Scientists at Columbia University stated – “As the nuclear reactions began to release vast amounts of subatomic energy, the Sun was a quite variable star, varying in luminosity and surface activity as the result of the development of a radiative core and convective currents in its outer layers of gas. After a period of some 30 million years, its structure stabilized into the structure of a main-sequence star of one solar mass.”

I agree with the first part of this statement but I think the strong variability of the sun lasted quite a bit longer then a mere 30 million years. I feel the first billion years was a very hectic time and the sun only stabilized into a main-sequence star during the latter part of this time. The reoccuring ice ages are strong evidence that the very long expansion and contractions are still occuring at a very attentuated pace.

The major “Nebraskan” glacial age, that occured about a million years ago, was followed by a warm interglacial age that lasted well over 100,000 years. This was followed by the “Kansan” glacial age followed by another long warm interglacial age that lasted about 300,000 years which was followed by the “Illinoian” glacial age, etc.etc.. These major glacial cycles are a worldwide phenomena effecting both the northern and southern hemispheres simultaneously.

Milankovitch’s orbital eccentricity theory while causing very cold season when the earth is far away from the sun would also cause very hot season when the earth is closer to the sun. The stronger contrasts between seasons’ overall irradiance striking the earth would cancel themselves out and remain about the same. Glaciers need very cold summers to grow. There may be other causes such as precession and obliquity that also effect the climate changes but evidence indicates that the sun is a variable star and this is the main cause of the major global ice ages.

As far as historic levels of carbon dioxide levels are concerned, a study in the May 17, 2001 issue of Nature shows that CO2 levels were much higher in the geological past. During most of the Mesozoic era (the period from 65 to 259 million years ago), carbon dioxide levels were between 1,000 and 2,000 ppm, with occasional peaks that reached levels higher than 2,000 ppm. Currently concentrations are only about 370 ppm. Results from the middle Miocene, a warm period about 10 million years ago, also failed to show high CO2 levels.

For the last 50,000 years the planet has gradually been emerging from its latest “Wisconsin” glacial age into another warm interglacial age that may last for 100,00 years more or less. World wide, this warming trend has already caused a great reduction in the amount of land that was previously covered by the glaciers. Scientists estimate that up to 20 million square miles of land, were once covered by glaciers at the height of the “Wisconsin” glacial period some 50,000 years ago. At that time the glaciers covered much of the northern regions of North America and Europe.
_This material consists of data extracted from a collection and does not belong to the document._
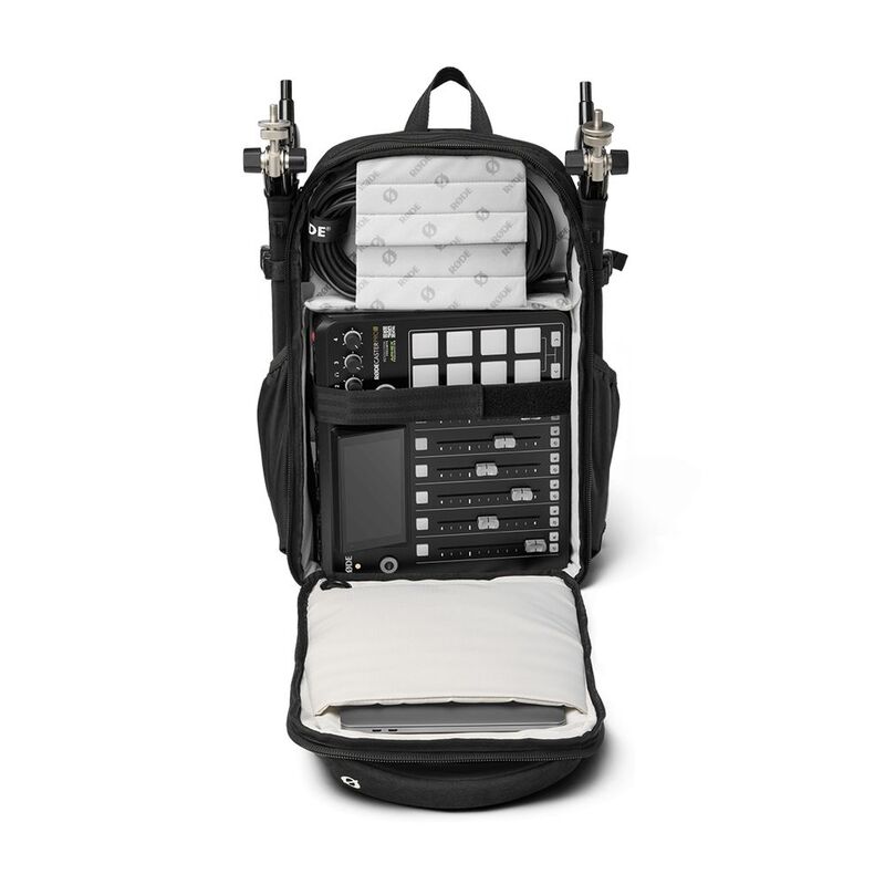 The RØDE Backpack is a custom-designed carry bag for the RØDECaster series, including the RØDECaster Pro or RØDECaster Pro II. Made from high-quality materials, including a soft, durable Alcantara® handle, ballistic nylon straps and water-resistant exterior, it is rugged and hard-wearing. It can accommodate a RØDECaster Pro or Pro II, plus microphones, studio arms and other accessories, as well as laptops up to 16 inches. Ergonomic adjustable shoulder straps with back and chest support ensure absolute comfort, with exterior pockets and compartments providing additional storage.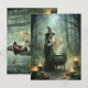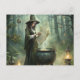 Step into an enchanted forest where magic comes alive. This artwork postcard features a young witch with dark hair, dressed in a flowing green gown and matching hat, reading intently from an ancient scroll. Perfect for lovers of witchy aesthetics, fantasy art, and mystical gifts, this design captures the essence of enchantment, ritual, and wonder.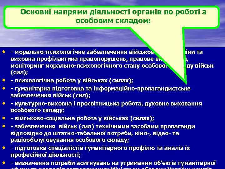 Основні напрями діяльності органів по роботі з особовим складом: • морально психологічне забезпечення військової дисципліни та виховна профілактика правопорушень, правове виховання, моніторинг морально психологічного стану особового складу військ (сил); • психологічна робота у військах (силах); • гуманітарна підготовка та інформаційно пропагандистське забезпечення військ (сил); • культурно виховна і просвітницька робота, духовне виховання особового складу; • військово соціальна робота у військах (силах); • забезпечення військ (сил) технічними засобами пропаганди відповідно до штатно табельної потреби, кіно , відео та радіообслуговування особового складу; • підготовка спеціалістів гуманітарного профілю та аналіз їх професійної діяльності; • визначення потреби асигнувань на утримання об’єктів гуманітарної
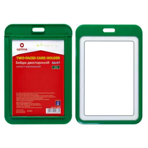 Бейдж Optima преміальний вертикальний 66х97 мм двосторонній, зелений (O45683) Бейдж Optima преміальний вертикальний 66х97 мм двосторонній, зелений (O45683) Бейдж Optima преміальний вертикальний 66х97 мм двосторонній, зелений (O45683)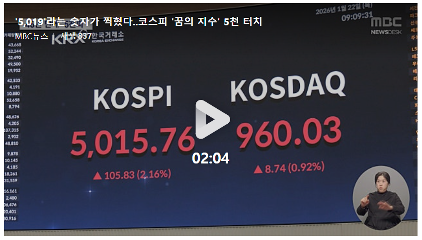 2026년 1월 22일, 대한민국 주식 시장에 역사적 순간이 찾아왔습니다.

The sea level of the oceans have already risen drastically during this global warming trend. At one time England was connected to Europe and Alaska was connected to Siberia. Much more land area around the world was above sealevel. The coast lines of countries around the world will continue to change as the sea level rises. Evidence of this can be seen where ancient harbors around the Mediterrean that were once above sea level, are now below sea level. The coast lines around the world will continue to recede as the warming climate releases more glacial ice back into the ocean. Perhaps there really was an “Atlantis” civilization 10,000 – 20,000 years ago when a lot more ice was locked up in glaciers and the sea level was much lower.
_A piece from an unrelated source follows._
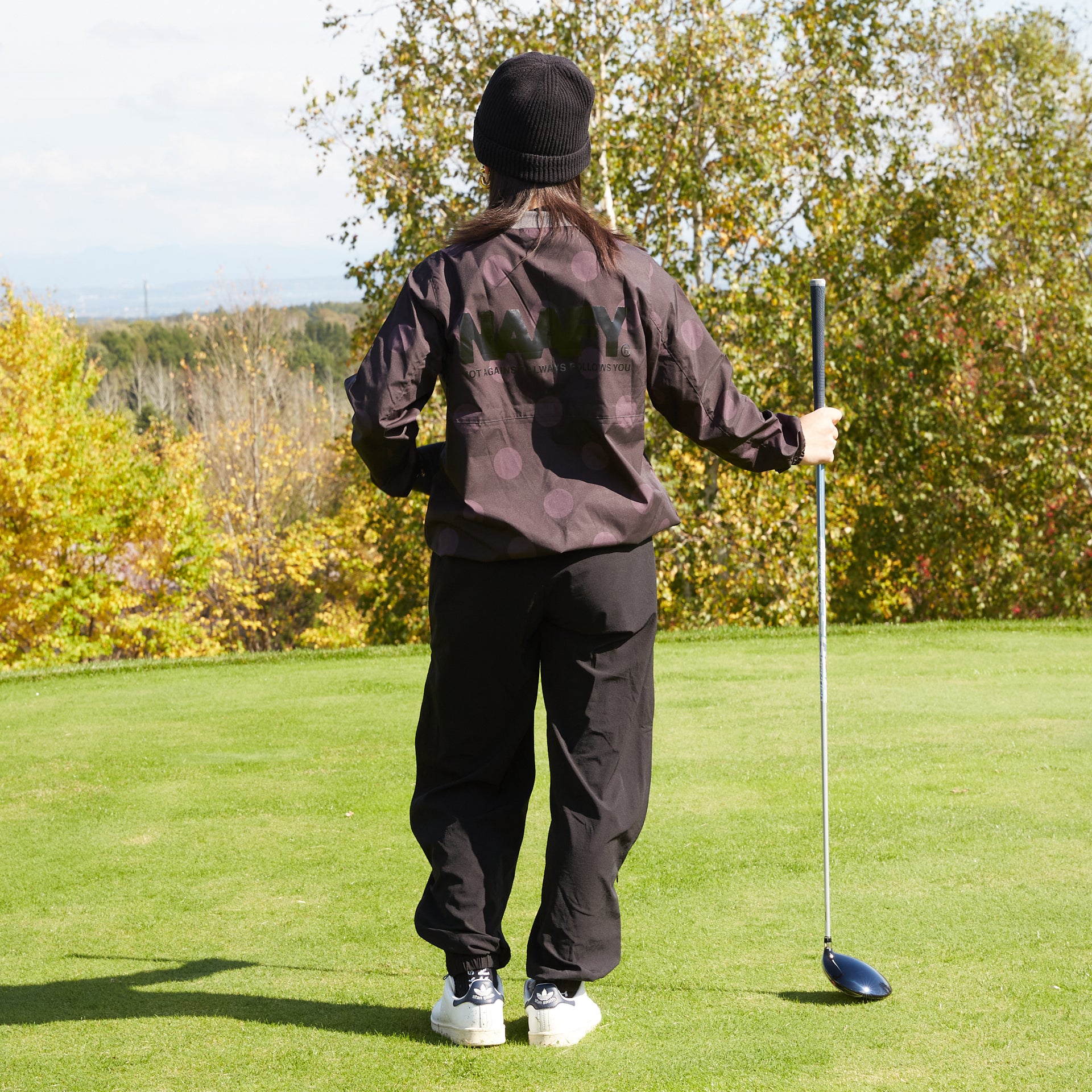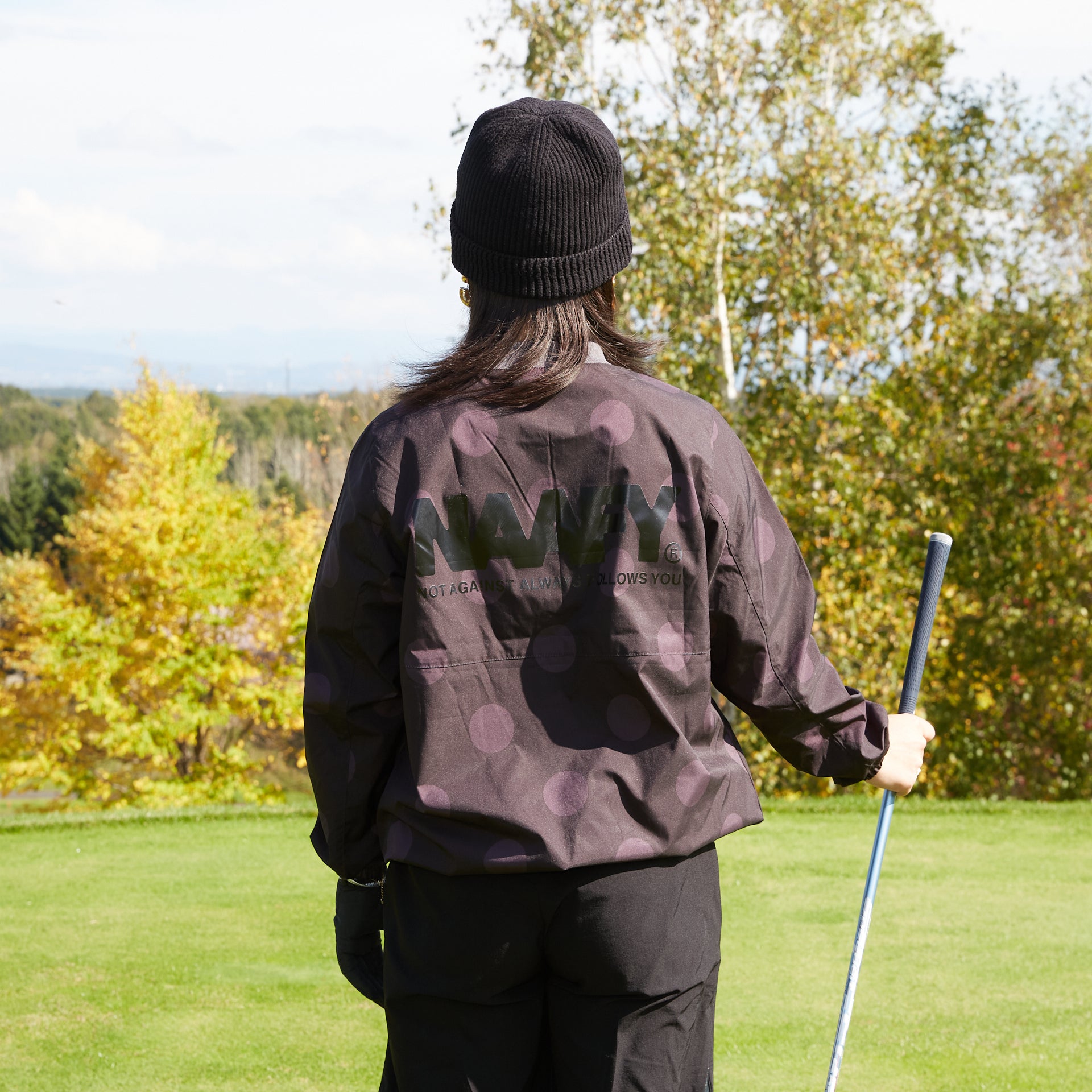 ブラック地にダークグレーのドット柄を配置しPOPになりがちなドット柄をシックに落とし込んでいます。

The polar regions have already become increasingly important because of warming climate trend. With the polar sea ice disappearing, seaports and trade routes are being planned along the far northern coast lines. Already commercial shipping is beginning to use the polar routes as the Artic Ocean becomes more navigatable. Cruise ships are even beginning to explore this area. Canada is planning to build a deep-water port at Iqaluit, the Arctic territorial capital. Political friction is already beginning to heat up over land claims in the Polar region. Russia has also begun to set its claims to this area.

We live on a very dynamic planet that is constantly changing. How long this global warming will last is anyone’s guess, it may be nearly over or it may go on for hundreds of years. What ever it is, the stable, warm interglacial period that follows, if it is anything like the previous major glacial cycles, will last for at least thousand centuries. A thousand centuries of warm mild climate , now if only mankind can last through this century.
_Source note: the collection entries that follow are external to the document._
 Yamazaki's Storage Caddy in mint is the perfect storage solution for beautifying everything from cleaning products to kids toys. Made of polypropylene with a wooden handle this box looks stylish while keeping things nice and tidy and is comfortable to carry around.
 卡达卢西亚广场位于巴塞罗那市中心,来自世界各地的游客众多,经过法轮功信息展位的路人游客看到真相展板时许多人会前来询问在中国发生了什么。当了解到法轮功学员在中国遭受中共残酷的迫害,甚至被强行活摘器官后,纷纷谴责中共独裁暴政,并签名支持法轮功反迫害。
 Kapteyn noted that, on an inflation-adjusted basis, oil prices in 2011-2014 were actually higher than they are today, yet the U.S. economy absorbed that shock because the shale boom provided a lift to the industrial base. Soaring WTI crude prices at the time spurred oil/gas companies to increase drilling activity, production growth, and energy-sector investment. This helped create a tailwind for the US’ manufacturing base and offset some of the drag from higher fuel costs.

Donald Hamilton, author of “The Mind of Mankind”

13 Responses to Global Warming: The Sun is a variable star that causes the Earth’s major ice ages.

  1. Noidea January 7, 2011 at 12:30 pm #

    Jupiter and Saturn line up with the sun every 20yrs+/- that would cause a wave which the earth would pass between. The sun moves to counter the planets and stabilize.

  2. Noidea January 7, 2011 at 12:23 pm #

    The planets pull on the sun much like the moon pulls on the oceans of the earth. So when there is a close by planet such as Jupiter or Saturn on each side of Earth would cause the Sun to expand on that side. Possibly would not take much to make a difference on our little planet.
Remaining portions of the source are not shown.